Vanessa Diffenbough: Die verborgene Sprache der Blumen


Ein Buch von seltener Schönheit und Poesie, das mich mitten ins Herz getroffen hat.


Von Kind an erlebt die junge Victoria so viel Kälte, und doch ist ihre Geschichte nie trost- oder hoffnungslos. Immer wieder begegnen ihr Menschen, die ihr etwas zutrauen. Es ist berührend und tröstlich zu lesen, wie Victoria nach und nach lernt, Liebe anzunehmen und zu geben.




Mhairi McFarlane: Wir in drei Worten


Bei ihrer ersten Begegnung ist sie frisch verliebt und er ein unverbesserlicher Frauenheld. Als sie sich zehn Jahre später wieder über den Weg laufen, ist er verheiratet und sie gerade Single geworden. Für immer beste Freunde - ist das alles, was Rachel und Ben bleibt?
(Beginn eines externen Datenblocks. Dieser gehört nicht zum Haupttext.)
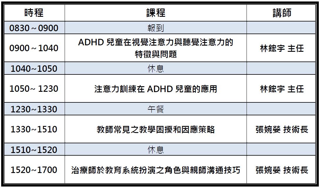 本課程特別邀請了亞洲大學職能治療學系 林鋐宇主任,分別針對「ADHD兒童視覺注意力與聽覺注意力的特徵與問題」及「注意力訓練在ADHD兒童的應用」進行介紹,使我們可以更清楚注意力不足過動症的孩子,在各類型注意力上的表現及介入的原則。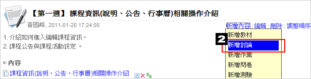 老師可於課程活動中建立討論議題,讓學生針對內容進行意見交流,新增步驟如下:

Das Buch zeichnet sich durch einen flotten Schreibstil, witzige Dialoge, humorvoll gezeichnete Charaktere und eine nette Liebesgeschichte aus.
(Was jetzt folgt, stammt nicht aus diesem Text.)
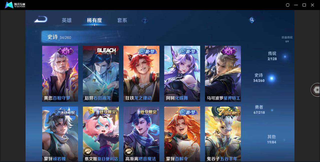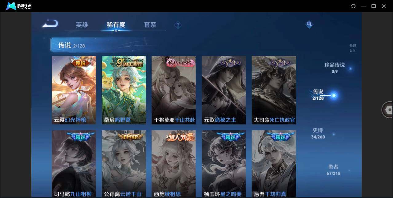 - PX_2064179-45 安卓QQ/永恒钻石/211皮肤/123英雄/1典藏/0珍品无双/0无双/0珍品传说/7传说/43史诗/7稀有英雄 【1 典藏皮肤】最初的交响 伽罗, 【7 传说皮肤】黄金狮子座 达摩,一念神魔 李信,愿照·九州拓 澜,幻光神枪 云缨,愿照·山河定 司空震,祥瑞亨通 裴擒虎,鸣野蒿 桑启, 【43 史诗皮肤】末日机甲 吕布,蔬乡物语 鲁班七号,高山流水 庄周,天秀·音浪

Für alle, die "Eindeutig Liebe" und "Zwei an einem Tag" mochten.




Birgit Vanderbeke: Das lässt sich ändern


Ein zauberhaftes Buch!

Eine junge Frau aus gutem Haus verliebt sich in einen Handwerker aus einer kinderreichen Familie. Die beiden bauen sich ein alternatives Leben auf. Leichtherzig und sympathisch erzählt. Die positive Stimmung ist einfach ansteckend!



Eva Baronsky: Herr Mozart wacht auf

Mozart liegt auf dem Totenbett, doch plötzlich erwacht er und befindet sich in unserer Zeit. Mühsam muss er sich in der fremd gewordenen Welt zurechtfinden und eine neue Existenz aufbauen.

Ein intelligenter und sehr amüsanter Roman.